I heard a complaint recently about a lot of cinema and television today adhering to almost exclusively shallow-focus cinematography. In promotional video and TV advertising, where a lot of current cinema aesthetics are finding their influences, this is a common practice because both of those mediums are selling a central object or product that doesn’t need to be showcased in context to anything else. I’ve seen shallow focus be used to incredibly powerful lengths in movies like Gus Van Sant’s Elephant (2003) or the Dardenne Bros. Rosetta (1999). I’ve also seen it be visually distracting and boring like in Tyger Tyger (2021). It’s a refuge of the independent filmmaker as well because it paves over scenic limitations and a lot of affordable consumer lenses that maintain a professional feel (everyone is a sucker for bokeh) tend to be mostly short-focus lenses while. In Identifying Features, Fernanda Valadez uses shallow focus as an intrinsic part of her film’s thesis.

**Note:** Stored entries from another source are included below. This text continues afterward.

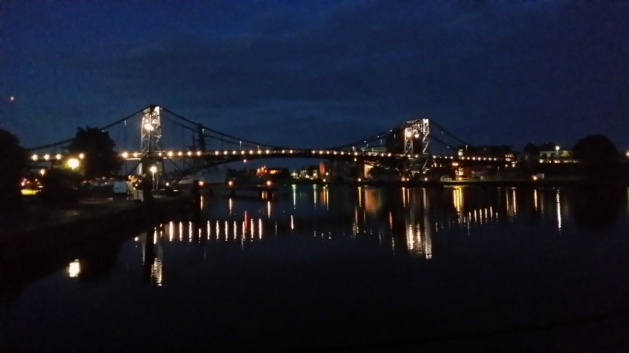 Gestern, blaue Stunde in Wilhelmshaven (K-W-Brücke). Es war traumhaft schön.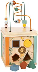 Дидактическият куб Сафари от Small foot е подходящ за деца над 1-годишна възраст. Той е изработен от дърво, боядисано с безвредни бои на водна основа и разполага с 5 различни активности за игра. Горната му страна се отваря като капак и може да се сваля. Всяка от страните на играчката представлява различна игра - въртящи се зъбни колела, лабиринт с дървени мъниста, форми за сортиране, въртележка с животни и още един лабиринт. Играчката ще помага на децата да развият фини двигателни умения, концентрация и координация на движенията. Дидактическият куб е с размери 20 x 38 cm. ... |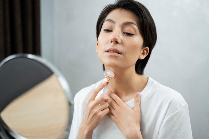 Penggunaan skincare yang mengandung retinol, peptide, dan collagen booster dinilai efektif untuk membantu mengurangi double chin. Dilansir dari American Academy of Dermatology (AAD), retinol bekerja dengan mempercepat regenerasi sel kulit dan merangsang produksi kolagen, sehingga kulit di area dagu menjadi lebih kencang dan elastis. Kulit yang kencang ini mampu menahan lemak di bawah dagu, sehingga tampilan double chin bisa berkurang secara bertahap.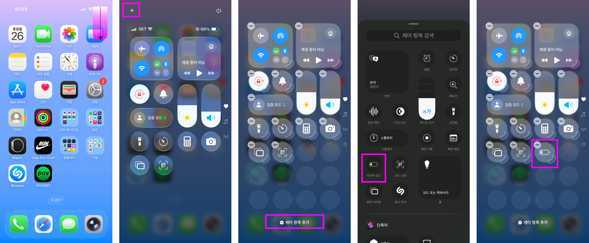 제어 센터에서 저전력 모드(배터리 아이콘)를 켜면 AOD가 비활성화되어 배터리 소모를 확 줄일 수 있습니다.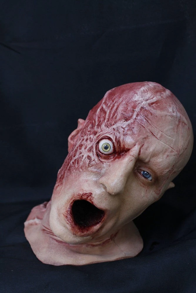 Our Floyd head features one protruding eye and veins on half of its head. The head is turned to the left and the mouth is open.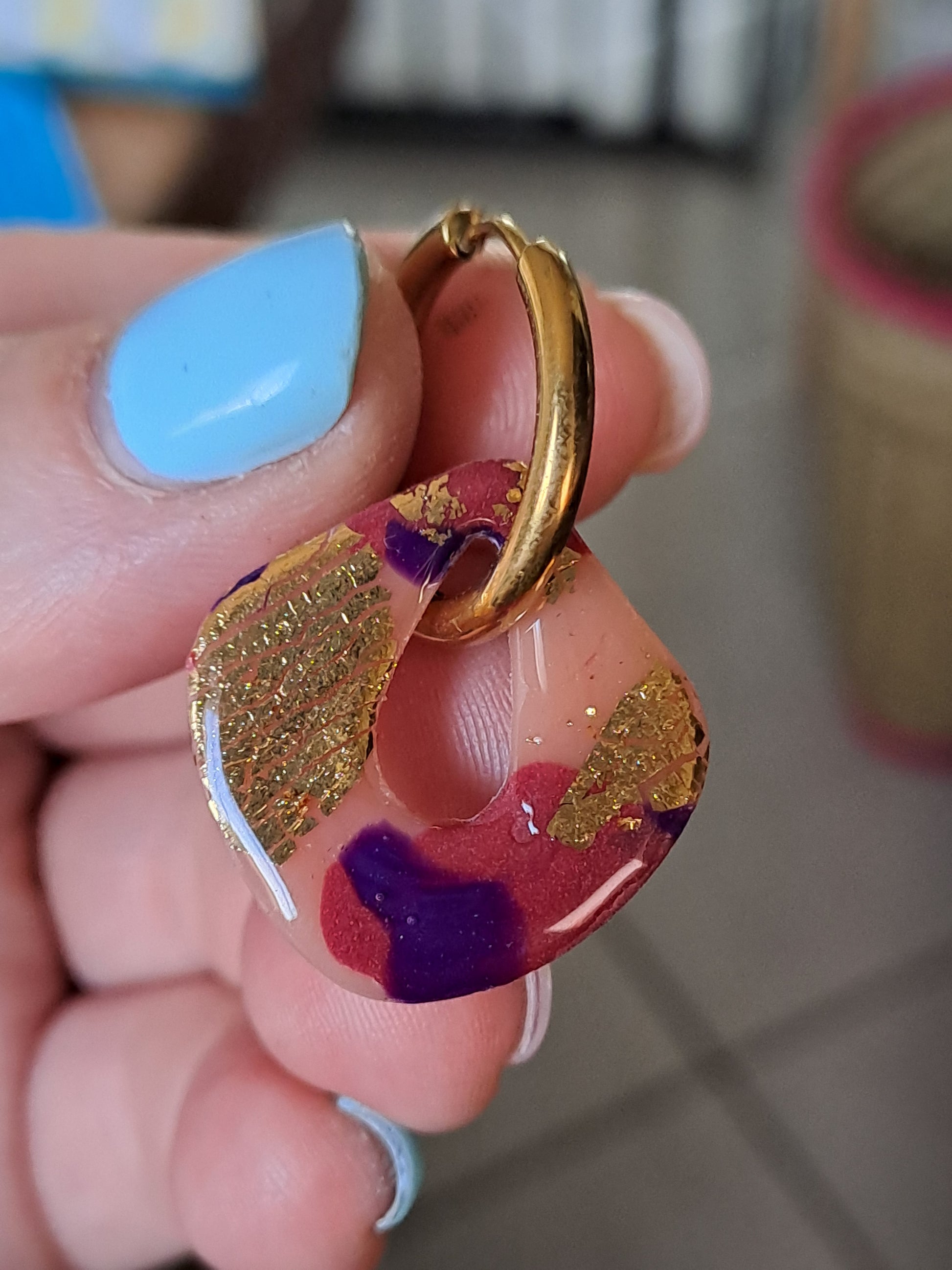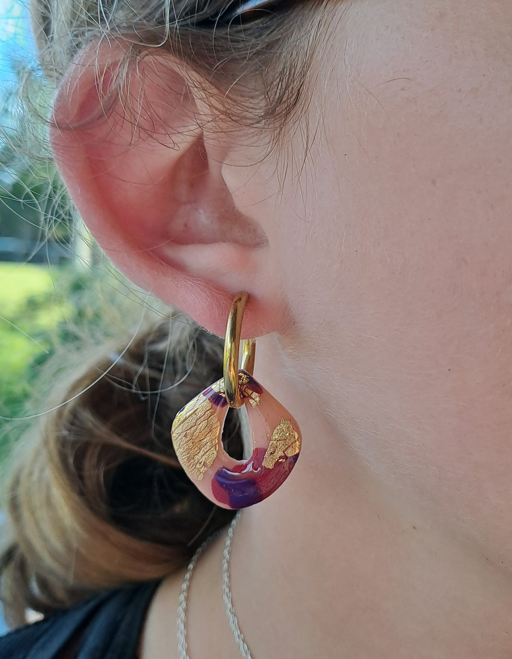 Le mélange de beige, cabernet et pourpre, relevé de touches d’or, crée un effet raffiné et lumineux qui sublime vos créoles interchangeables.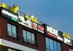 Twoja marka widoczna 24/7 – podświetlane kasetony, litery 3D i podświetlane logo.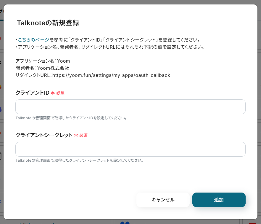 ・クライアントIDとクライアントシークレットを入力し、「追加」をクリックすると、マイアプリに登録が完了します。 ※クライアントIDとクライアントシークレットは、Talknoteのこちら のページから取得してください。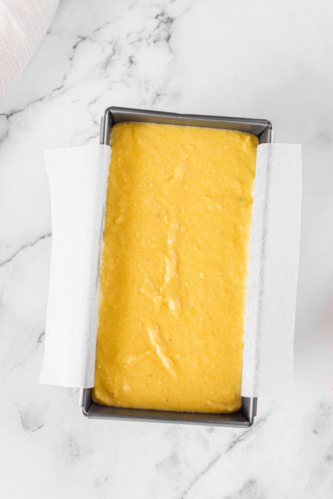 • Pour the batter onto a prepared loaf baking pan and spread it evenly.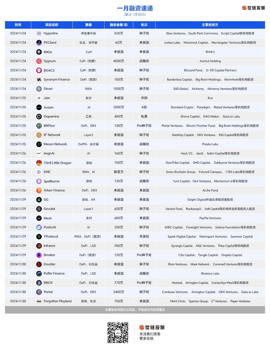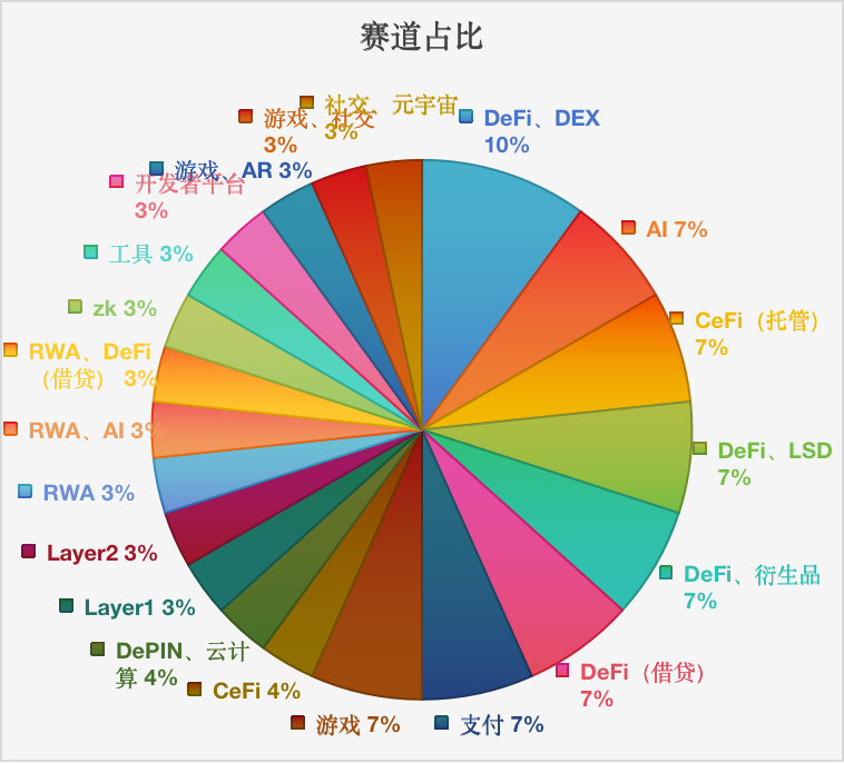 本期融资事件中,涵盖开发者平台、社交、元宇宙、CeFi、DeFi、RWA、支付、zk、工具、DEX、Layer2、DePIN、AI、游戏、Layer1、LSD等热门赛道;

A Feeling Of Separation From Everything
The film centers on two individuals whose lives cross in their respective searches for a family member. The first is Magdalena (Mercedes Hernández) who searches for her missing son who left her to cross the U.S. Border. The second is Miguel (David Illescas) who has been recently deported from the U.S. and is making his way back into Mexico to find his mother. Neither knows whether their respective relative is alive or not and their search is one of confusion and displacement. Utilizing a myriad of tracking shots and establishing still shots, Valadez strikes a balance between portraiting her central characters and still providing some semblance of context to their relationship to the place they’re in. This becomes increasingly important as the film comes up to its third act.

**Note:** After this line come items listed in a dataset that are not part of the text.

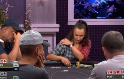当时Daniel Custodio在河牌圈做了一个迫使Loeliger全压的下注,Loegliger考虑了几分钟,然后在读秒结束前决定跟注,结果发现她赢不了。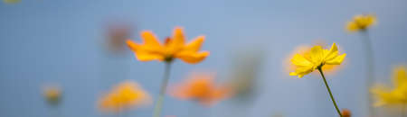 Closeup of yellow Cosmos flower with blue sky as background under sunlight using as background natural flora landscape, ecology cover page concept.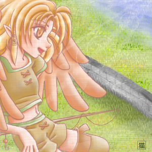 いかにも私らしい絵なんじゃないかと?何度もコンティニューして9時間かけて描いた絵です。お気に入り♪下描きの段階では妖精らしく蝶の羽が生えてました。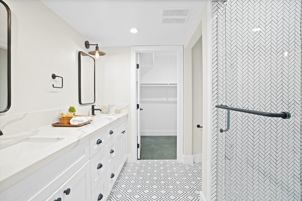 2 ample bedrooms share a bright and handsome bathroom, w/chevron tile shower and custom tile floors.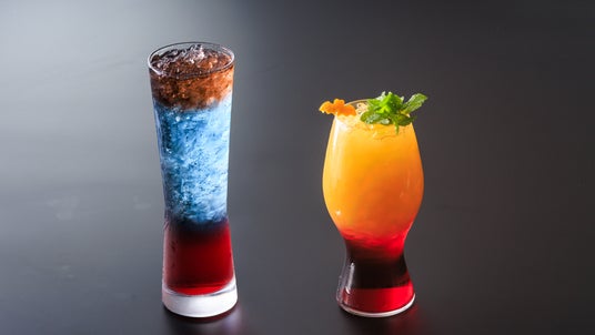 高貴な血を思わせる深い赤と魔法のエッセンスが込められた青が特徴のカクテルです。青い部分は爽やかなブルーキュラソーがベースとなり、赤い部分はグレナデンシロップとフルーティなチェリーリキュールで作られています。上には黒いウォッカが浮かび、夜の闇を連想させます。

Identifying Features takes its time to frustrating effect. Much of the movie’s first third is presented in a toned-down almost visually inert fashion, where walls, streets, and fields are blurry impressionistic splotches of gray, tan, and washed-out green. This gets at the sort of disconnect Magdalena feels from the rest of the world as her son has gone missing. A similar sort of visual distancing was used earlier this year in Kornél Mandruczó’s Pieces of a Woman when Vanessa Kirby’s character Martha lost her child. It’s an effective technique and Mercedes Hernandez does her best to carry these isolationist sequences, but an over-reliance on these shots renders much of the movie’s buildup difficult to get through.
Hidden in the Frame
The thesis comes into focus in the second half, however, and the power of what Valadez is attempting becomes clear once Magdalena finds out from an older gentleman where her son may have been. The film takes strange and terrifying narrative turns that, similar to Denis Villeneuve’s Incendies (2010), build a tragic history of a region through the way violence cuts through blood bonds.

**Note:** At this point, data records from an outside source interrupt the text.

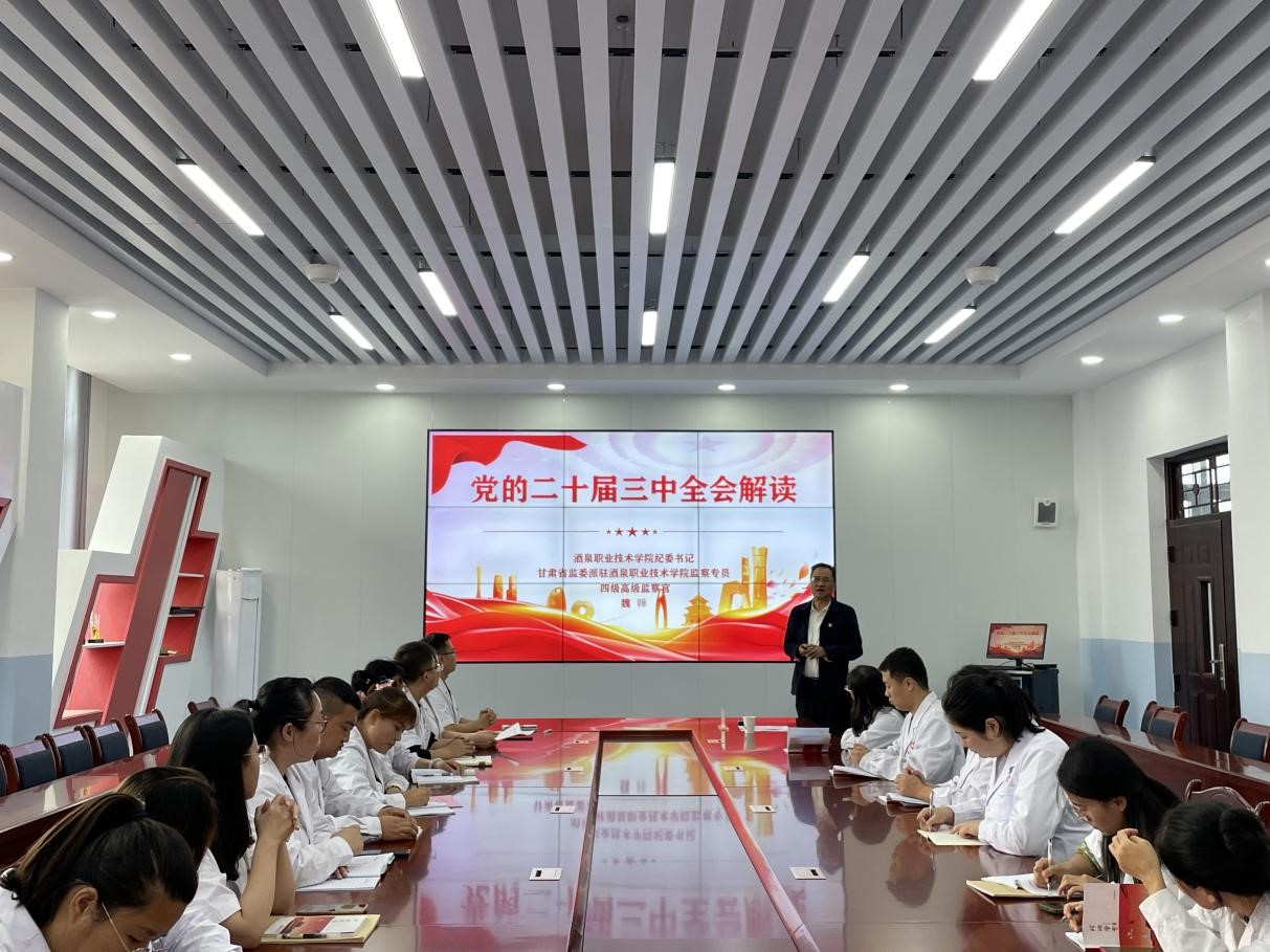 为深入学习贯彻党的二十届三中全会精神,教育引导全体党员干部把思想和行动统一到全会精神上来。2024年9月18日下午,酒泉职业技术学院党委委员、纪委书记、省监委派驻酒泉职业技术学院监察专员、四级高级监察官魏韡为医学院全体教师讲授学习贯彻党的二十届三中全会精神专题党课,解读党的二十届三中全会精神,引导广大教师把思想和行动统一到党中央的决策和部署上来。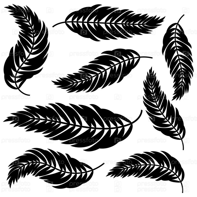 Набор плоских абстрактных изолированных черных листьев, изгибающихся в разных направлениях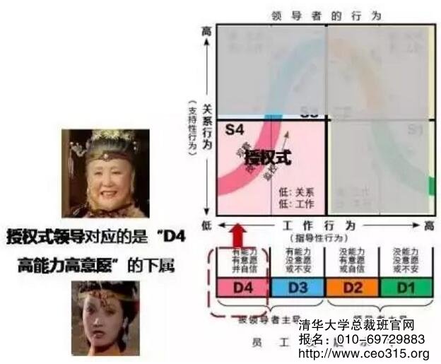授權式領導對應的是“D4高能力高意愿”的下屬,王熙鳳做事效率高,不怕出風頭,也擅長處理復雜的人際關系,一看就是“授權式領導”的不二之選。

This is where the cinematography takes on the most important role in the movie. As an old man relays what he thinks may have happened everything is out of focus.
Conclusion
The shallow focus, in these recollections, simulates the human eye and mind, subjective in creating narrative and imagined truth that changes and shifts as it continues through the film. As a filmmaking technique, the results of Valadez’s camerawork are wide-ranging, but in the end, showcase an effective way that particular shots are able to create effect far beyond just visual allure. In addition to the words in a script or the dialogue spoken in a film, the composition of shots and what the filmmaker chooses to reveal or not are often the greatest indicators of narrative mastery. Identifying Features takes time to get going but successfully wagers the audience’s patience with a terrifying finale that lingers long after the credits.
Identifying Features is playing at selected theaters and virtual cinemas in the U.S.